Of course, even before the appearance of humans, the earth alternated throughout its history between extremes of heat and cold: 700 million years ago the planet was covered entirely in ice; 55 million years ago, a swampy greenhouse.

Why? What drives these ancient cycles? There are a lot of theories. The waxing and waning of solar output; cosmic rays and their role in cloud formation; the earth moving through plumes of galactic dust as it travels up and down through the arm of the Milky Way; plate tectonics redirecting the ocean currents; vulcanism. Perhaps it is a combination of all of these things. Perhaps it is something as yet undiscovered.

One thing for sure that it’s not: SUVs.

Why, then, do otherwise sensible people believe that we are both causing the current warming and that the warmth is a bad thing? To me it seems some grotesque combination of narcissism and self-loathing, a mentality that says at once “I am so important that my behavior is causing this” and “I am so inherently tainted that it must be bad.”

For these self-hating humans who want us to cut our carbs (carbons, not carbohydrates), I say relax and enjoy the warmth while it lasts.

Because it won’t. No matter what we do, the ice and the cold and the dark will come again. That should be our worry.

I think the historical record trumps the hysterical broken record that is the Al Gore-helmed environmental extremist movement, but that presupposes there's a genuine interest in science, and a concern for the planet. Call me cynical, but I think the Global Baloney thing is more about achieving greater governmental control of our lives, and the concomitant reduction in our freedoms to choose how we live.

Freedom is, after all, the allergen that triggers anaphylactic shock in the smothering bosom of the nanny state, and, like a peanut butter and jelly sandwich in an peanut allergy-sensitive elementary school, something to be avoided at all costs.

I can't help but think that someday we'll be huddling in our woefully under-insulated homes, bemoaning the crops lost to encroaching glaciers and pitifully short growing seasons, remembering with fondness the warm days and seemingly endless summers of the early 21st century, and wondering what ever happened to that Chicken Little Gore fellow and his pathetic band of fellow hysterics, as we toss another copy of An Inconvenient Truth on the fire.

Posted by Mike Lief at April 12, 2009 09:16 PM | TrackBack

Comments

If the cycle holds true, the cooling will begin about 2250. Let me know how it turns out.

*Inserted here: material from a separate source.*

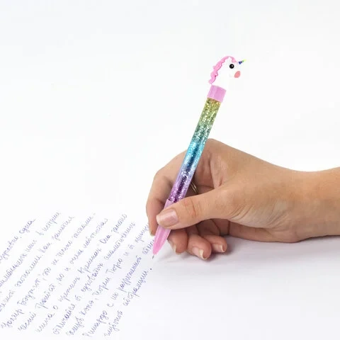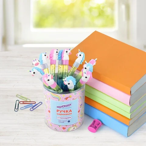 Шариковая ручка серии FUNNY YUMMY с ярким корпусом и оригинальным дизайном топперов в виде единорога. Благодаря привлекательному дизайну ее не захочется выпускать из рук. Диаметр стандартного пишущего узла, равный 0,7 мм, создает линию письма, равную 0,35 мм. Длина сменного стержня составляет 45 мм. Цвет чернил - синий.

I will leave my phone turned on.

Posted by: The Little Coach at April 13, 2009 07:40 AM

Chicken Little Gore and his band of hysterics will be in the only temperate zone left enjoying their elitest life in a compound financed by our labor stolen via carbon offset taxes and other ploys to further return our civilization to a serf/landlord relationship.

I do like your analogy of "Freedom is, after all, the allergen that triggers anaphylactic shock in the smothering bosom of the nanny state, and, like a peanut butter and jelly sandwich in an peanut allergy-sensitive elementary school, something to be avoided at all costs."

I love PB and J sando's and will continue to be an irritant to the growing movement toward socialism and quack science.